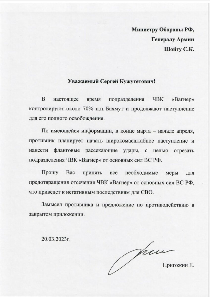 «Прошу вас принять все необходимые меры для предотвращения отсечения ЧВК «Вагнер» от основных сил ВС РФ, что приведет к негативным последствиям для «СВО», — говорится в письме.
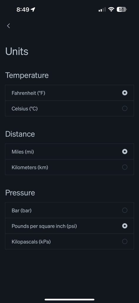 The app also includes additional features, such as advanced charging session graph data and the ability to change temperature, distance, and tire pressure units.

========

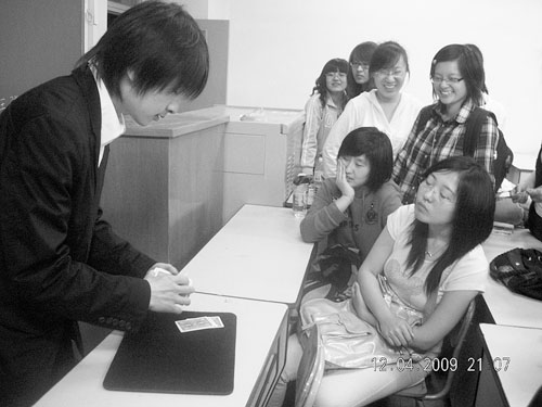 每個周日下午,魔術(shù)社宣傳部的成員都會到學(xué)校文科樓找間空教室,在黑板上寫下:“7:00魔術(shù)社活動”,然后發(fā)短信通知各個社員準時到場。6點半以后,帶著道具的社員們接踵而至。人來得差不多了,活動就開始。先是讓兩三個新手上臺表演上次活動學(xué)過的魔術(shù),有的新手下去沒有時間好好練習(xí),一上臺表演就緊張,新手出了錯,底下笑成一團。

========

* [EXERCISE AIM]:
Above are records; write out the lines from the one with "говорится в письме." down to the one with "The app also", exactly, leaving the pictures out.

* [EXERCISE RESPONSE]:
 «Прошу вас принять все необходимые меры для предотвращения отсечения ЧВК «Вагнер» от основных сил ВС РФ, что приведет к негативным последствиям для «СВО», — говорится в письме.
 The app also includes additional features, such as advanced charging session graph data and the ability to change temperature, distance, and tire pressure units.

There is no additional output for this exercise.